Eine nicht ordnungsgemäß aufgeklärte Patientin, bei der sich im Verlauf einer therapiebegleitenden Heparinbehandlung schmerzhafte Hämatome gebildet haben, hat nach einer Entscheidung des Oberlandesgerichts (OLG) Hamm keinen Anspruch auf Schadenersatz gegen die behandelnde Klinik, wenn sie der (fehlerfrei durchgeführten) Behandlung auch bei ordnungsgemäßer Aufklärung zugestimmt hätte.

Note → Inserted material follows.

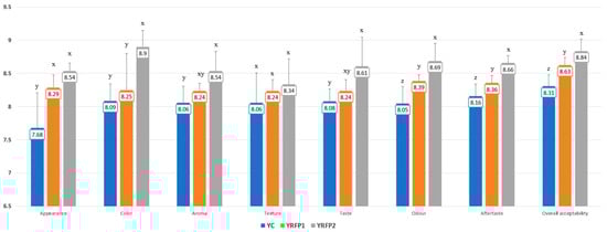 Sensory evaluation scores of control and fortified yogurts (averages with different letters “x”, “y”, “z” in the columns signify statistically significant differences (p < 0.05)).

Klinik haftet trotz Aufklärungsmangels nicht für Komplikationen nach Heparinbehandlung

Der Fall
Die 57-jährige Klägerin litt an einer Entzündung des peripheren Nervensystems (Plexusneuritis) und erhielt in einem Krankenhaus – begleitend zu einer stationären Cortisontherapie – durch Injektionen verabreichtes Heparin. Im Zuge dieser Behandlung bildeten sich bei ihr Hämatome im Bereich der Rektusscheide und im Beckenbereich. Ersteres wurde bei einem Bauchschnitt festgestellt, mit dem zunehmend schmerzhafte Beschwerden der Klägerin abgeklärt werden sollten, letzteres durch ein MRT. Die Klägerin verklagte das Krankenhaus in der Folge auf Schadenersatz und Schmerzensgeld in Höhe von 30.000 €. Sie begründete die Klage mit dem Argument, dass die Heparinbehandlung nicht indiziert gewesen sei und durchgeführt worden sei, ohne sie ordnungsgemäß aufzuklären.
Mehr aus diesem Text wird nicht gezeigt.